━━━ RECORDS FOR THE TASK
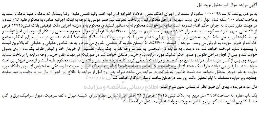 به موجب پرونده کلاسه 0000098 صادره از شعبه اول اجرای احکام مدنی دادگاه خانواده کرج لها: خانم رقیه قدسی علیه: رضا رستگار که محکوم علیه محکوم است به پرداخت تعداد 100 سکه تمام بهار ازادی بابت مهریه در حق محکوم لها و پرداخت 5درصد نیم عشر دولتی با توجه به اینکه اجرائیه صادره به محکوم علیه ابلاغ شده و در مهلت مقرر نسبت به اجرای حکم اقدام ننموده است بنا به در خواست محکوم له به منظور استیفای محکوم به و هزینه اجرایی ملک توقیفی پلاک ثبتی12725 فرعی از 22 اصلی سهم الارث محکوم علیه به میزان 28/57 سهم از 100 سهم به ارزش 508/546/000 تومان از اموال مرحوم حسنعلی ر ستگار از سوی این اجرا توقیف و توسط کارشناس رسمی دادگستری به شرح زیر توصیف و ارزیابی شده و مقرر است در مورخ 1400/10/21از ساعت 9 لغایت 10صبح در محل اجرای احکام مجتمع خانواده از طریق مزایده به فروش می رسد، مزایده از قیمت508/546/000 تومان نظریه کارشناسی شروع می شود و به هر شخص حقیقی و حقوقی که بالاترین قیمت را پیشنهاد نماید فروخته خواهد شد ده درصد وجه مزایده فی المجلس به صورت وجه نقد یا چک بانکی تضمینی از خریدار اخذ و الباقی ظرف یک ماه از وی وصول خواهد شد و پس از انجام مراحل قانونی و صدور حکم تملیک مورد مزایده بنام خریدار منتقل خواهد شد در صورتیکه در مهلت مقرر خریدار وجه مزایده را پرداخت ننماید سپرده وی پس از کسر هزینه های مزایده به نفع دولت ضبط و مزایده تجدید می گردد کلیه هزینه های نقل و انتقال به عهده محکوم علیه است و از محل فروش پرداخت خواهد شد . طرفین می توانند ظرف یک هفته از تاریخ مزایده نسبت به نحوه انجام مزایده اعتراض نمایند که در این صورت تا رسیدگی به اعتراض از سوی دادگاه مورد مزایده به نام خریدار منتقل نخواهد شد ضمنا طالبین به شرکت در مزایده می توانند ظرف پنج روز قبل از مزایده با اطلاع این اجرا از مال مورد مزایده بازدید نمایند چنانچه روز مزایده مصادف با ایام تعطیل باشد روز بعد در همان ساعت و مکان برگزار خواهد شد .
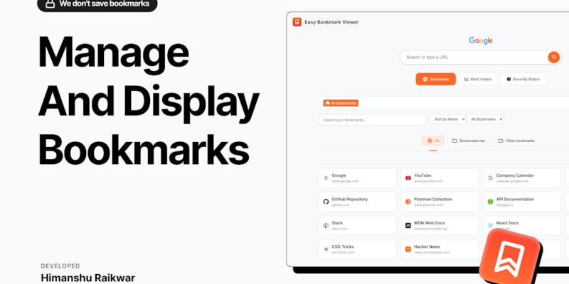 Easy Bookmark Viewer is a Chrome extension that replaces the default new tab page with a visual dashboard for managing bookmarks. It offers a grid layout, instant search functionality, and smart sorting to help users organize and access their bookmarks more efficiently than Chrome's standard text-based bookmark lists.
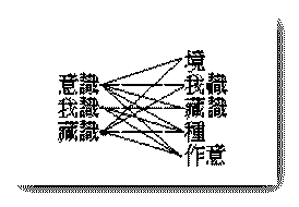 ┌──明 ┌───眼───┐ ├──空 ├───耳───┤ ├──色 慮├───鼻───┤ ├──眼根 知┼───舌───┼識 眼識┼──意 心├───身───┤ ├──我 ├───意───┤ ├──藏 ├───我───┤ ├──種 └───藏───┘ └──作意(動)
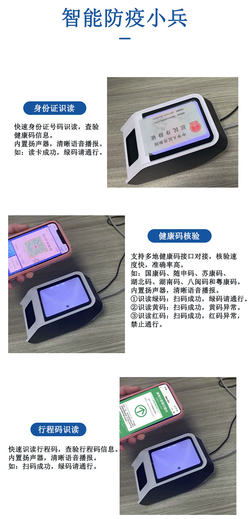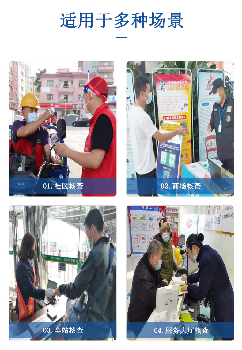 结合目前的防疫需要,在办公大厦、大型商超、地铁站、火车站等人流密集的地点进行“手机健康码+身份证核验”检测,可以提高过检效率,也大大减少了聚集在一起引起的交叉感染,避免过多的人员接触和聚集,从而实现高效率的人员流动管理,并达到防御疾控要求的精准防控目的。
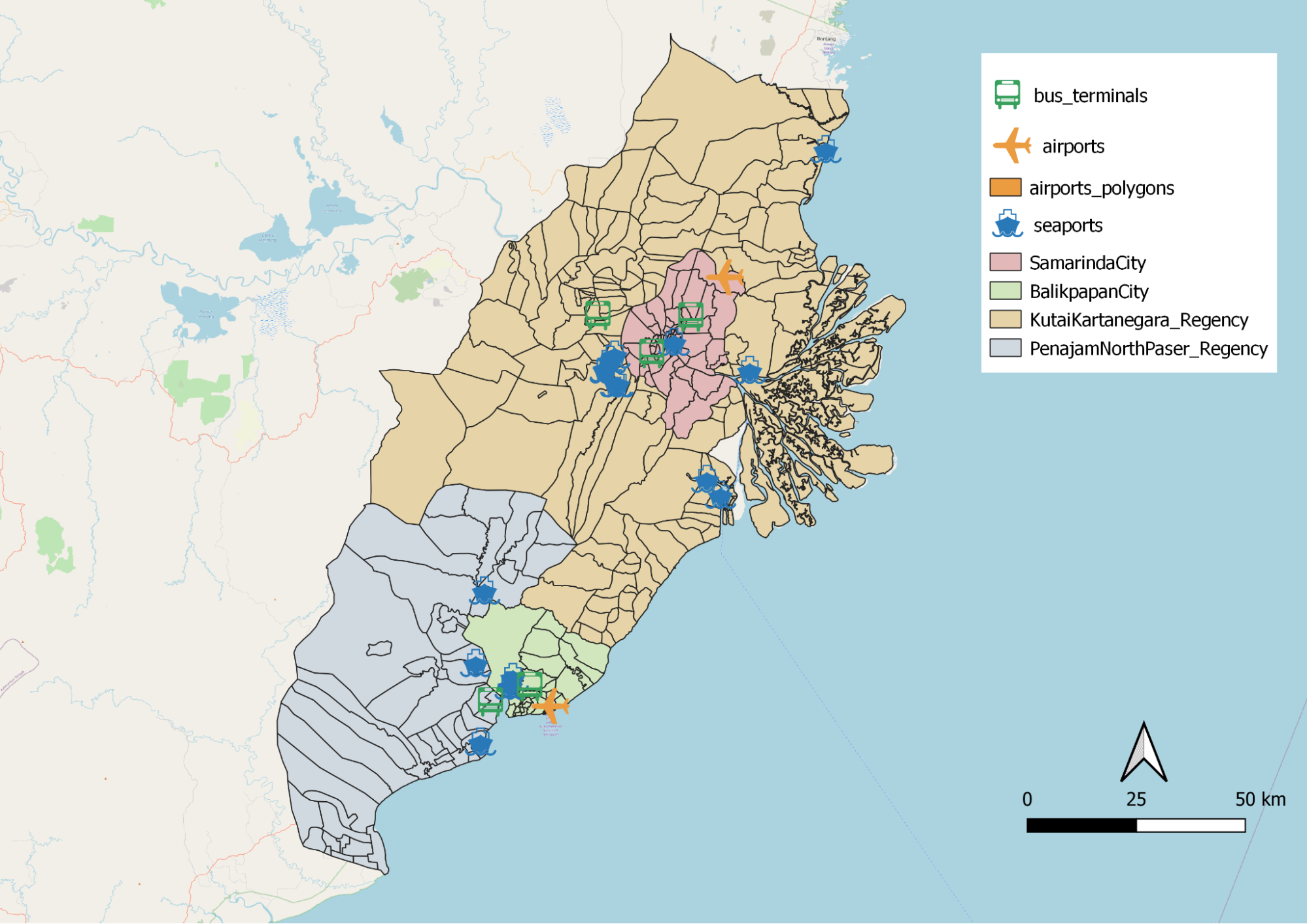 Figure 12 illustrates the distribution of different transportation services in our study area. There are only two airports, one within Balikpapan city and the other in Penajam North Paser regency, just outside of Samarinda city. The seaports are mostly situated within or just outside of Balikpapan city and Samarinda city. Similarly, the bus terminals are also found close to Balikpapan city and Samarinda city. Collectively, the different modes of transportations are mostly situated within or near Balikpapan city and Samarinda city. Even though there are transportation services found in Penajam North Paser regency and Kutai Kartanegara regency, those services are mainly located at the edges of the two cities. This shows that most of the transportation services are found in a close vicinity to the cities.
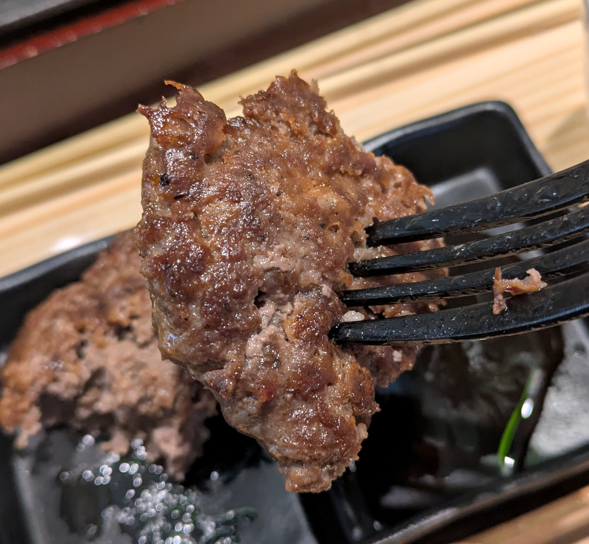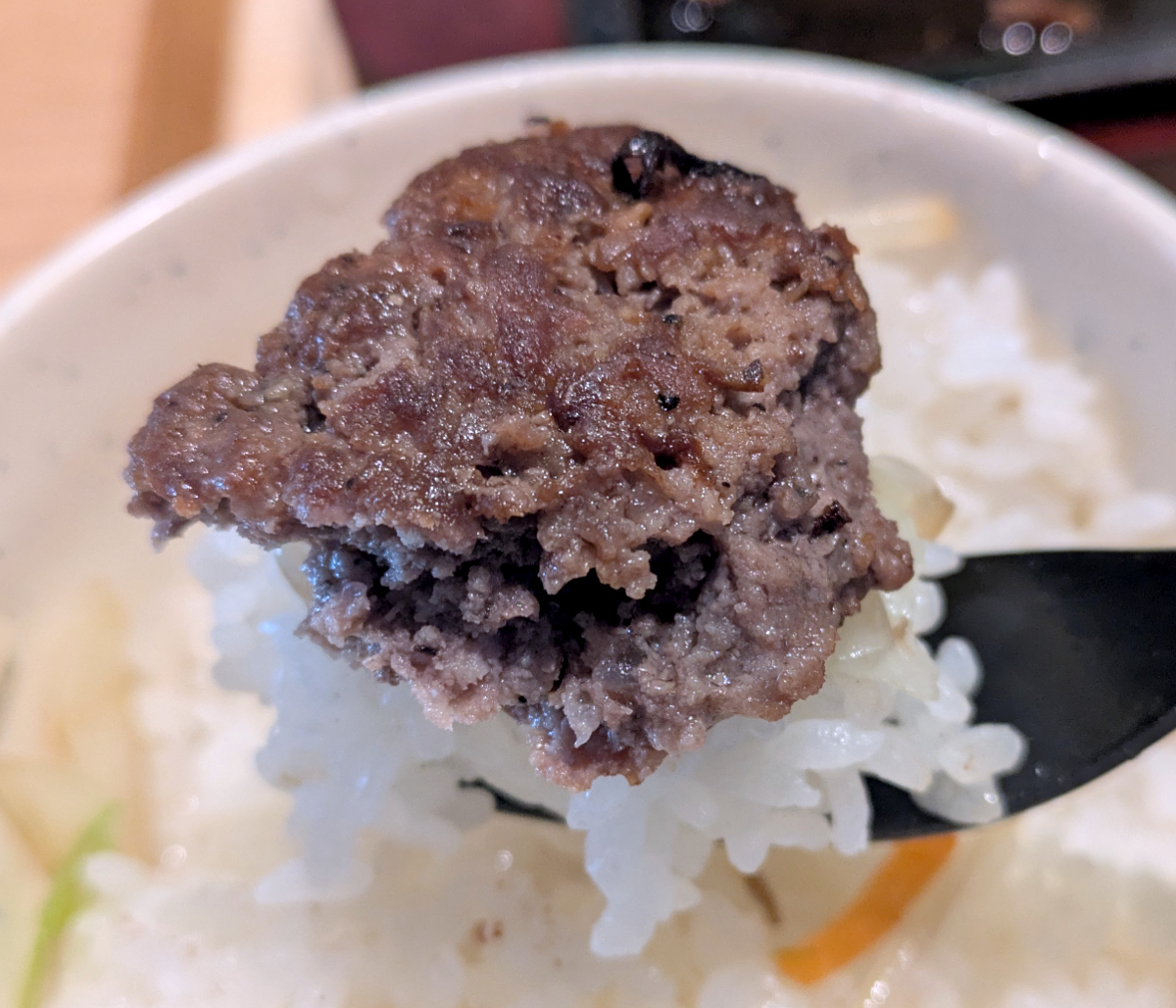 ではさっそく頂きましょう。ハンバーグにはあらかじめソースがかかっているのでそのまま食べてもいいし、卓上のステーキソースや塩を活用して、味変してもいいだろう。
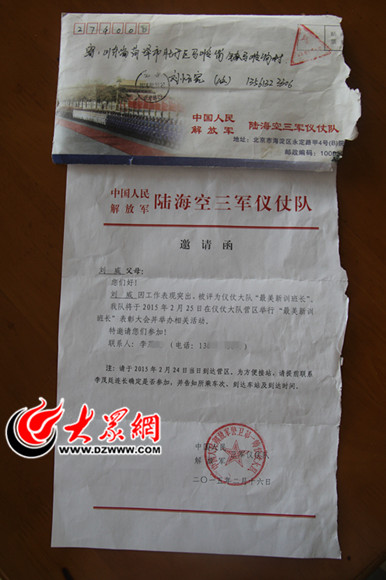 今年9月3日,23歲的菏澤小伙劉威將作為中國(guó)人民解放軍三軍儀仗隊(duì)的一員,亮相抗戰(zhàn)勝利70周年閱兵式。今天,大眾網(wǎng)記者來(lái)到牡丹區(qū)馬嶺崗鎮(zhèn)馬嶺崗行政村,獨(dú)家專訪了劉威的家人了解到,盡管目前每天訓(xùn)練10多個(gè)小時(shí),但有著五年儀仗隊(duì)參軍經(jīng)驗(yàn)的劉威狀態(tài)一直很好。因?yàn)閯⑼募胰擞X(jué)得自身與“國(guó)家大事”聯(lián)系得更加緊密,一家人都感到無(wú)比自豪。
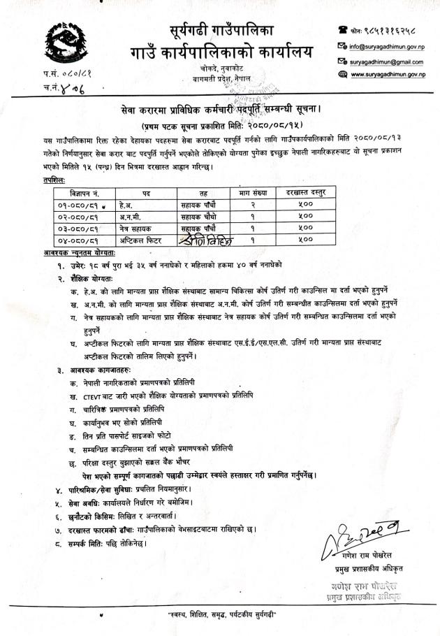 सेवा करारमा प्राविधिक कर्मचारी पदपूर्ति सम्बन्धी सूचना।
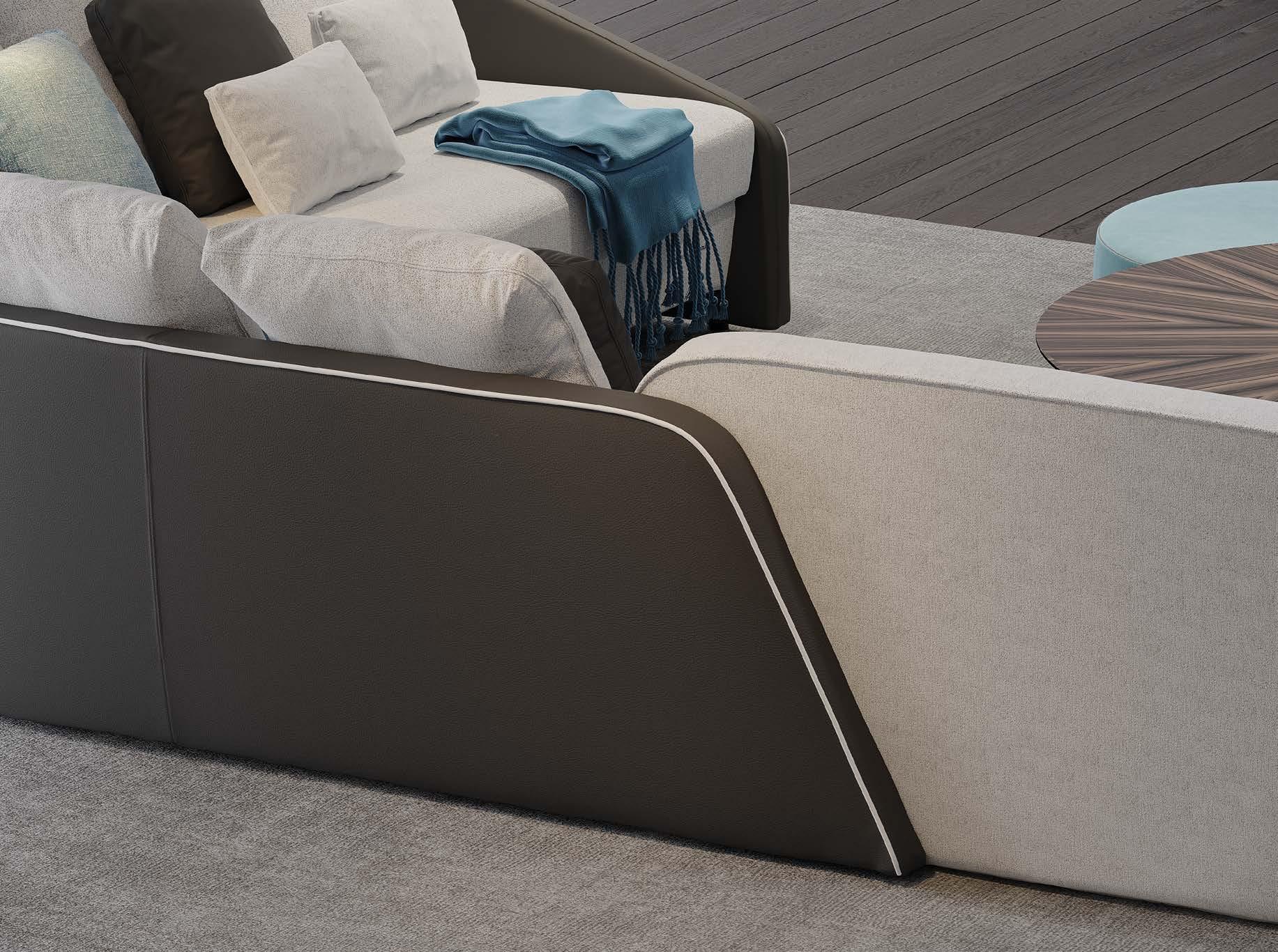 Layer 2 with back in leather Nabuk Grigio with piping in fabric Extra Amsterdam 01 and seat in fabric Luxury Milano 20 N1 sx + B2 sx 346 x 190 x 68 h
━━━━━━
* _WHAT YOU HAVE TO DO_
Extract exactly the lines above from the line containing "ではさっそく頂きましょう。ハ" through the last one, both ends included, but not the pictures.

* _RESULT FOR THIS EXERCISE_
 ではさっそく頂きましょう。ハンバーグにはあらかじめソースがかかっているのでそのまま食べてもいいし、卓上のステーキソースや塩を活用して、味変してもいいだろう。
 今年9月3日,23歲的菏澤小伙劉威將作為中國(guó)人民解放軍三軍儀仗隊(duì)的一員,亮相抗戰(zhàn)勝利70周年閱兵式。今天,大眾網(wǎng)記者來(lái)到牡丹區(qū)馬嶺崗鎮(zhèn)馬嶺崗行政村,獨(dú)家專訪了劉威的家人了解到,盡管目前每天訓(xùn)練10多個(gè)小時(shí),但有著五年儀仗隊(duì)參軍經(jīng)驗(yàn)的劉威狀態(tài)一直很好。因?yàn)閯⑼募胰擞X(jué)得自身與“國(guó)家大事”聯(lián)系得更加緊密,一家人都感到無(wú)比自豪。
 सेवा करारमा प्राविधिक कर्मचारी पदपूर्ति सम्बन्धी सूचना।
 Layer 2 with back in leather Nabuk Grigio with piping in fabric Extra Amsterdam 01 and seat in fabric Luxury Milano 20 N1 sx + B2 sx 346 x 190 x 68 h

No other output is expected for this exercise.